Note that Calculation A treats U.S. source and non-U.S. source income fundamentally the same. For most people that's biasing the percentage higher on non-U.S. source income. (I say that because, in the won't-happen hypothetical of a residence-based income tax system, your U.S. source income would almost certainly be taxed as the _final_ dollars within your total worldwide income, i.e. at the highest marginal rates. It's easy to forget that wee little hypothetical problem, but that's fundamentally how the FTC works already, so that'd probably be how it'd work.) But as a rough "back of the envelope" number Calculation A is at least somewhat interesting.

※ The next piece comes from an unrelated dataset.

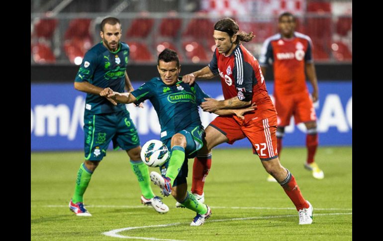 Deportes | El cuadro lagunero vence 3-1 al Toronto en la Concachampions Santos golea en Canadá El cuadro lagunero vence 3-1 al Toronto en la Concachampions Por: REUTERS 28 de agosto de 2012 - 20:54 hs Acción del partido entre Santos Laguna y Toronto que vencieron los Guerreros 3-1. MEXSPORT / TORONTO, CANADÁ (28/AGO/2012).- El club de futbol Santos Laguna, actual campeón de México, goleó el martes como visitante a Toronto de Canadá por 3-1 en la Liga de Campeones de la Concacaf. Con el triunfo, los Guerreros de Santos llegaron a seis puntos para ubicarse como los lideres del Grupo 1, donde le siguen Toronto con tres y Águila de El Salvador que aún no suma. El colombiano Carlos Darwin Quintero anotó el primer gol de Santos a los 49 minutos con un disparo cruzado tras recibir en el área un pase del español Marc Crosas. El equipo local empató a los 68 minutos cuando el estadounidense Quincy Amarykwa aprovechó un mal despeje del portero Oswaldo Sánchez y definió con un disparo en el centro del área. El triunfo para Santos llegó al final del partido. El argentino naturalizado mexicano Daniel Ludueña metió el segundo gol a los 90 minutos con un derechazo en el área tras jugada de pared con Oribe Peralta. Y un minuto después, Cándido Ramírez metió el tercero con un zurdazo cruzado tras recibir pase de Ludueña. La actividad del torneo continuará más tarde cuando Real Estelí de Nicaragua reciba a Alajuelense de Costa Rica. El miércoles se jugaran los partidos Guadalajara de México ante W Connection de Trinidad y Tobago, Municipal de Guatemala contra el mexicano Monterrey y LA Galaxy de Estados Unidos frente a Puerto Rico Islanders. El jueves, Tauro de Panamá recibirá a Herediano de Costa Rica, Caledonia AIA de Trinidad y Tobago enfrentará a Seattle Sounders de Estados Unidos y Olimpia de Honduras hará los honores al estadounidense Houston Dynamo. A los cuartos de final avanzarán los primeros lugares de cada uno de los ocho grupos y el campeón del certamen representará a la Concacaf en el Mundial de Clubes 2013 que se disputará en Marruecos del 11 al 21 de diciembre. Temas Futbol Internacional Concacaf Santos Laguna Liga de Campeones de la Concacaf Lee También Atlas aprovecha la pausa para recuperar elementos clave México listo para un nuevo desafío en el Mundial Sub-17 Femenil Hamás dice que recibió garantías de que la guerra en Gaza terminó Todas las selecciones que han calificado al Mundial 2026 hasta hoy Recibe las últimas noticias en tu e-mail Todo lo que necesitas saber para comenzar tu día Registrarse implica aceptar los Términos y Condiciones

I think it's fair to take out Line 56 (if present) because that comes back to you as a future guaranteed, inflation-adjusted annuity (joint/survivor). I think it's fair to add Line 8b into gross income because that's just a peculiar quirk in U.S. tax law that foreign governments generally don't respect anyway. These are judgment calls, but I think they're reasonable ones, especially for a back-of-the-envelope calculation like this one.

Calculation B is useful because we'd naturally expect Calculation A to be positively correlated with Calculation B. Calculation B describes, in oversimplified terms, how much of a "U.S. income resident" you are.

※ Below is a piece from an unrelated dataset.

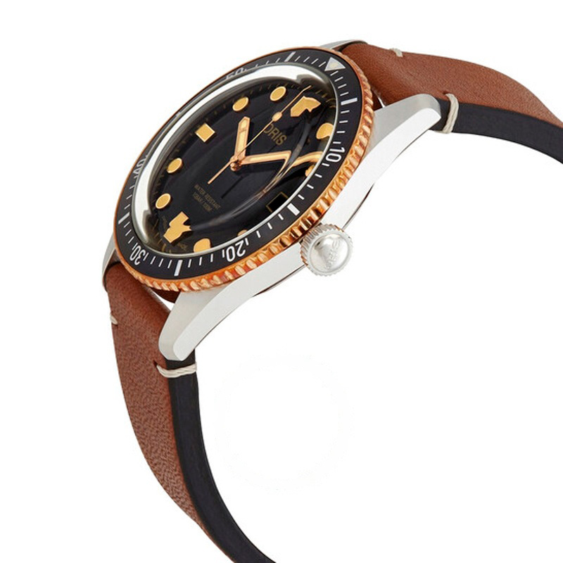 O Oris Divers Sixty-Five Automático Mostrador Preto 42 mm Interpreta os códigos da casa com serenidade e atenção à luz. Caixa em aço inoxidável, Mostrador preto, 42 mm.
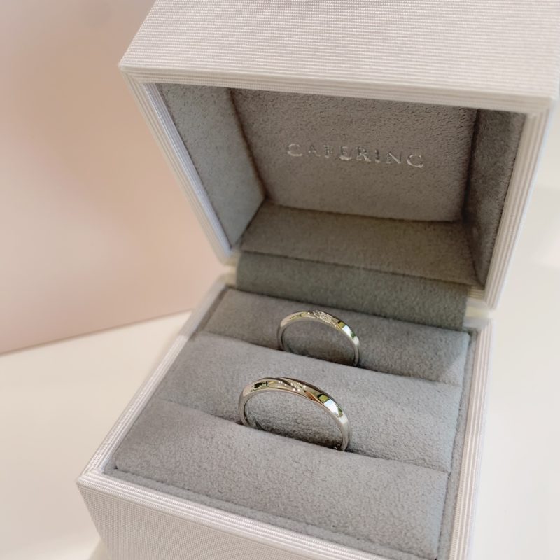 この度は誠におめでとうございます。ニコニコ笑顔が素敵なF様にお選びいただきましたのは、CAFERING『Lumiere リュミエール』です。リングを重ねることで、二つのリングから一筋の光が現れるようデザインされており、「これから共に歩む人生に、たくさんの幸せの光が降り注ぎますように。」という意味が込められています✨お二人の素敵な笑顔のように、これからも幸せが溢れることを祈っています。この度は素敵なご縁をありがとうございます。またクリーニング等でお二人にお会いできる日を楽しみにしております。どうぞ末永くお幸せに♡ スタッフ:藤田文香

What I haven't done yet is to run a full simulation as follows:

1. Take my total non-U.S. income (excluding U.S. source income), throw it into a tax calculator, and figure out the total hypothetical U.S. income tax owed ("X");

2. Take my total income (including U.S. source income), throw it into a tax calculator, and figure out the total hypothetical U.S. income tax owed ("Y");

3. Subtract Y from X ("Z");

4. Take Z and subtract it from my U.S. income tax owed/paid (IRS Form 1040 Line 61 minus Line 56). Call this "Calculation C."

....But I have a pretty good idea how Calculation C would look. My Calculation C would be _very slightly_ negative, i.e. a not-going-to-happen reasonable, hypothetical residence-based income tax system would be _very slightly_ more favorable to me. But not by much -- less than half of one percent of total income, it looks like, eyeballing it.

Anyway, there you go, one anecdote.


----------



## Nononymous (Jul 12, 2011)

0
0


----------



## Bevdeforges (Nov 16, 2007)

Nononymous said:


> 0
> 0


Me, too. (Though I do notice that BBC's effective tax rate is about the same as Mitt Romney's. Draw your own conclusions from that.)
Cheers,
Bev


----------



## BBCWatcher (Dec 28, 2012)

U.S. rate. I pay a much higher rate to the Singapore government. Romney's worldwide income tax rate is quite a bit lower than mine.


----------